So, by definition, these two queries can never yield duplicates, meaning that we don't need the UNION to discard any duplicate rows: on the contrary, we'd rather have it skip that step because that is most likely faster. We can do that using UNION ALL:

select ..
, 'PG'
from ..
where ..
union all
select ..
, 'R'
from ..
where ..

It's actually a good idea to always write UNION ALL in case you know for sure that there is no everlap. Even if performance is not an issue, it makes the code more explicit. This makes it easier for the database to devise a query plan, and it will also be easier to fellow developers to see the exact intention.

Concerning the third query in the UNION, what is happening with that one? Well, it also selects from the code>filmtable, and again, it uses the same columns. However this one does not select a constant, but the rating column.

Now if we only could somehow prove that the values in the rating column here will never contain either of the values 'PG' or 'R' (the constants selected by the previous two queries) we must conclude that this resultset can never overlap with the resultset from either of the other queries. In other words, we would be able to safely use the UNION ALL trick here too.

The WTF-edness


We can find out if the third query will ever select a 'PG' or 'R' in the rating column by loooking at the WHERE-clause:

where rating not in ('PG','PG-13','R','NC-17')

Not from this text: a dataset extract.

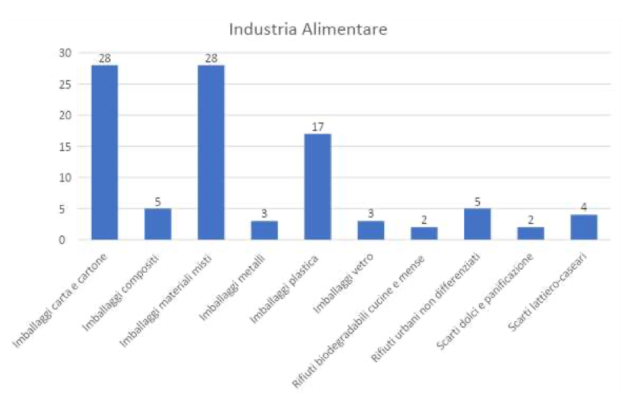 Grafico 9.3 Rifiuti industria alimentare prodotti per tipologia in CmRC Fonte: Elaborazione CURSA su Ecomudweb, 2019

Mmm, the WHERE-clause explicitly excludes the 'PG' and 'R' values. At least, that means that we can use the UNION ALL trick here too.

But wait a minute...let's look at the other WHERE-s too, ok?

select ..
from ..
where rating in ('PG','PG-13')
and ..
union all
select ..
from ..
where rating in ('R','NC-17')
and ..
union all
select ..
from ..
where rating not in ('PG','PG-13','R','NC-17')
and ..

Now that's beatiful: the third set selects exactly all the data not selected by the first and second. This means we can skip all the mumbo-jumbo and just write:

select film_id
, title
, release_year
, case rating
when 'PG-13' then 'PG'
when 'NC-17' then 'R'
else rating
end
from film
where release_year > 2005
and release_year <= 2006

So the CASE expression now makes up for the rating column.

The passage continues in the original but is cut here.